Two frames arrived this week both with cranks still in - photos show components still attached - why? I must be going soft - I’ve not experienced stuck cranks before.

I had to attack one l/h alu square taper with the Dremel - the threads were completely borked. I cut the lock ring off to get it out of the way. The b/b shell needed a pin spanner - getting that to move would also have solved the problem.

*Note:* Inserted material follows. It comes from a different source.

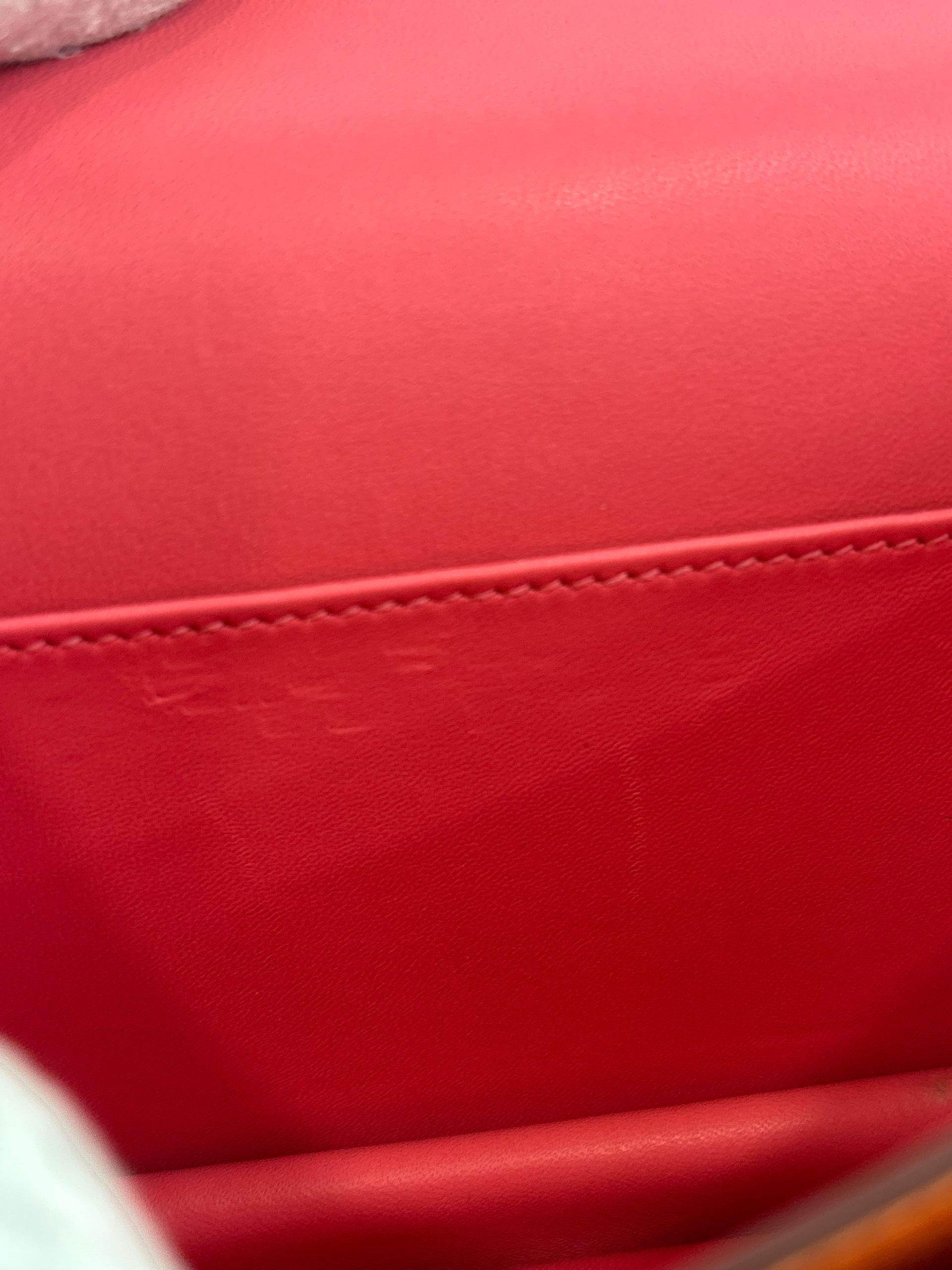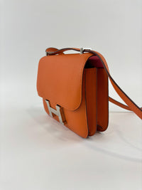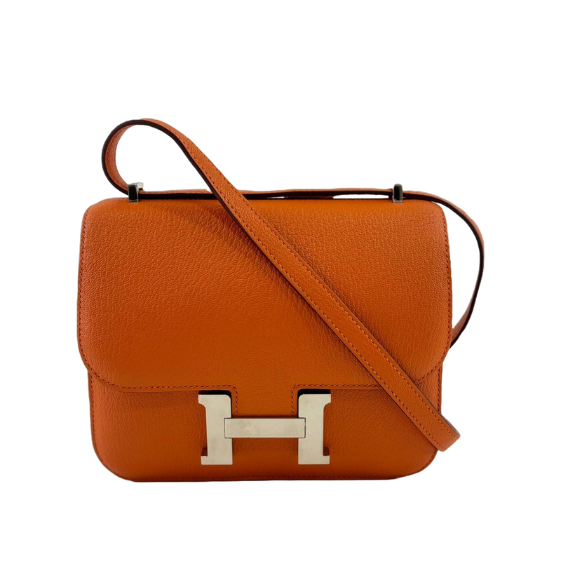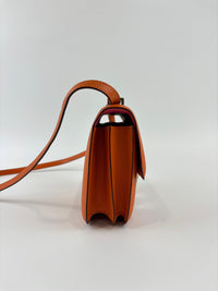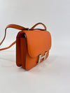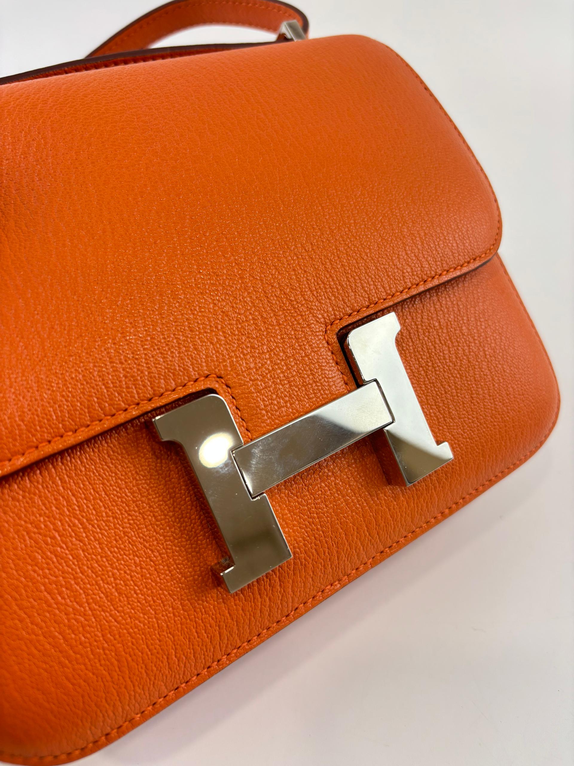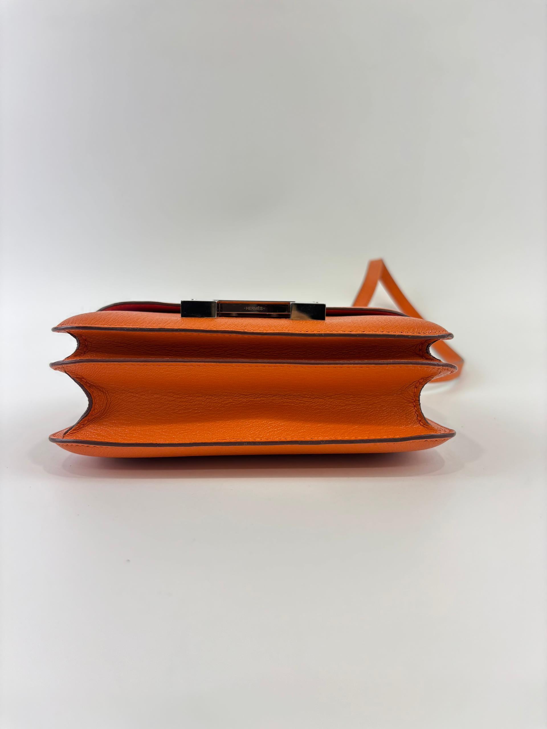 The Hermès Constance 18 in Orange and Rose Azalée Chevre Mysore leather showcases impeccable craftsmanship and refined elegance. Compact at 18 cm, it is perfect for carrying essentials with effortless style. The vibrant orange, delicately complemented by rose tones, creates a sophisticated pop of color, while the luxurious Chevre Mysore leather offers a smooth texture and enduring quality.

Anyway, I cut in either side at 90 degrees to the arm and eventually a forceful lateral bend made it come away. No amount of hammering or jiggling in the vice had done anything.

I did wonder if anyone had ever tried recutting the crank threads?

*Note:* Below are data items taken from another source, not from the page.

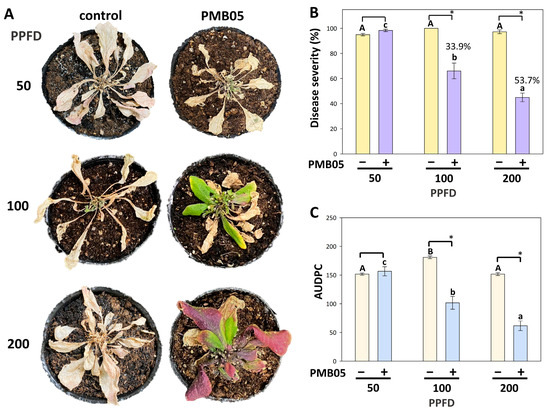Effects of Bacillus amyloliquefaciens PMB05 on the control of bacterial wilt in Arabidopsis thaliana grown under different light intensities. Four-week-old A. thaliana Col-0 plants cultivated under 50, 100, or 200 PPFD were pretreated with PMB05 and, two days later, transplanted into soil infested with Ralstonia solanacearum Rd15. Panel (A) shows bacterial wilt symptoms at 4 weeks post-inoculation (wpi) with or without PMB05 treatment. Panel (B) presents disease severity at 4 wpi. Panel (C) shows the area under the disease progress curve (AUDPC) calculated from disease severity between 2 and 4 wpi. The symbols “−” and “+” denote absence or presence of PMB05 treatment, respectively. Asterisks (*) above bars indicate significant differences from the untreated control by t-test (p < 0.05). Different lowercase and uppercase letters represent significant differences among plants grown under different light intensities based on Tukey’s HSD tests.
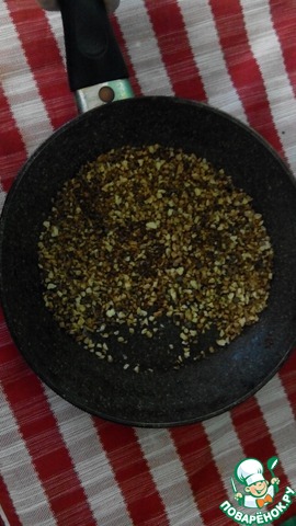 Рубим орех и обжариваем его на сковороде несколько минут.
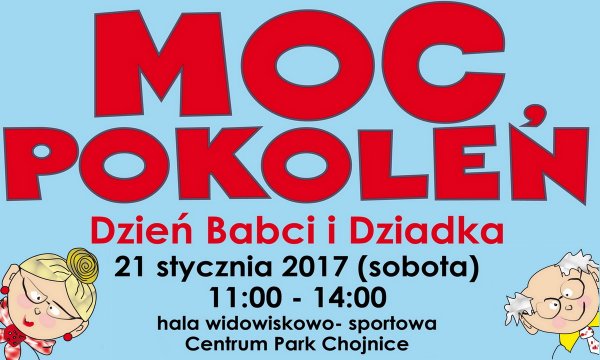 Z okazji Dnia Babci i Dziadka zapraszamy w sobotę 21 stycznia o godz. 11:00 do hali widowiskowo - sportowej Centrum Park na wydarzenie łączące pokolenia. W programie występy artystyczne, konkursy z nagrodami oraz słodki poczęstunek.
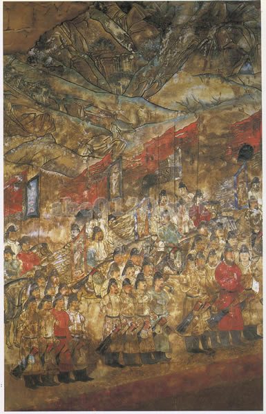 懿徳太子墓の壁画は計40幅.画幅は大きく,内容豊かで,色彩は華麗, さながら唐代の地下ギャラリーである.石青・石緑・石黄・銀朱・朱膘。大紅・深紅・金箔・紫砂などの鉱物顔料の使い方は熟練し,着色は西安や咸陽などの唐墓の壁画と比べて一層多様化している。出所:「黄河文明展」
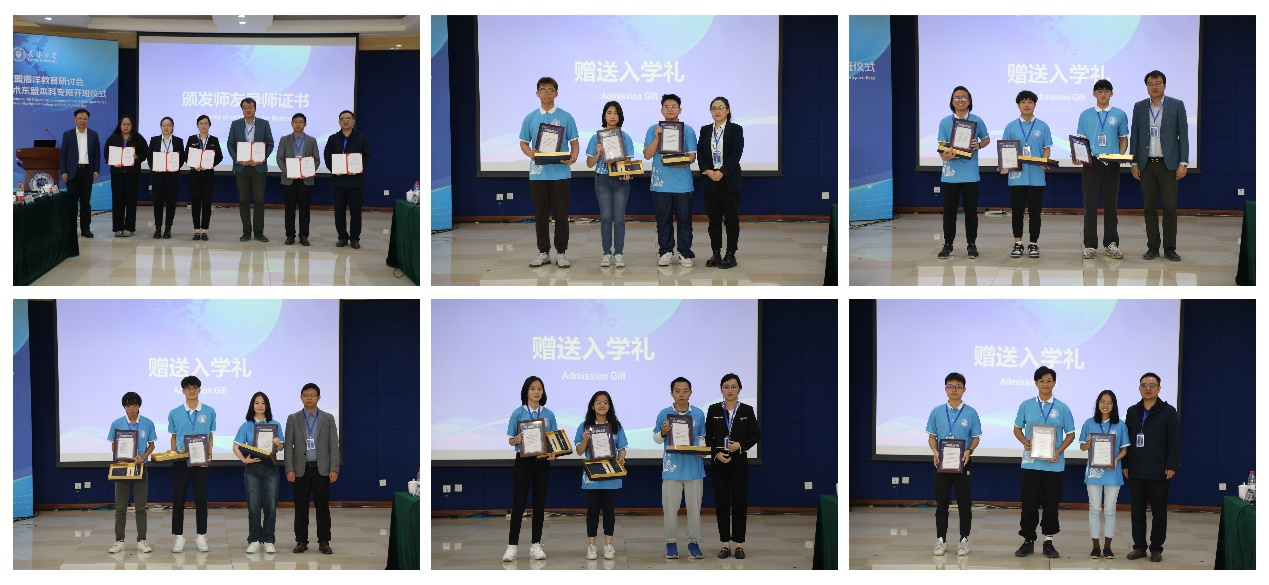 为了进一步提高东盟专班的人才培养质量,海洋学院为专班学生专门配备了“师友导师”和班主任,希望各位老师能够成为同学们的良师益友。各位专班学生依次上台,由师友导师为同学们献上导师寄语,并赠送了极具纪念意义的开班礼。专班同学纷纷表示,在学校及社会各界的大力支持下,在学院老师们的悉心指导下,一定会不负所望、努力学习,未来成为具有全球视野创新能力的一流海洋人才!

I didn’t know the tapered puller existed (upthread) but I think in this instance it was beyond any redemption.

The next candidate is a very nice Ultegra octalink. I think they’re meant to be self-extracting - but no. I’ve not come across this system before so advice welcome. The M15 bolt wears a threaded collar. On one side, the collar I found to be on the wonk - there seemed no option but to remove both, which on the wonky side needed a fair bit of torque.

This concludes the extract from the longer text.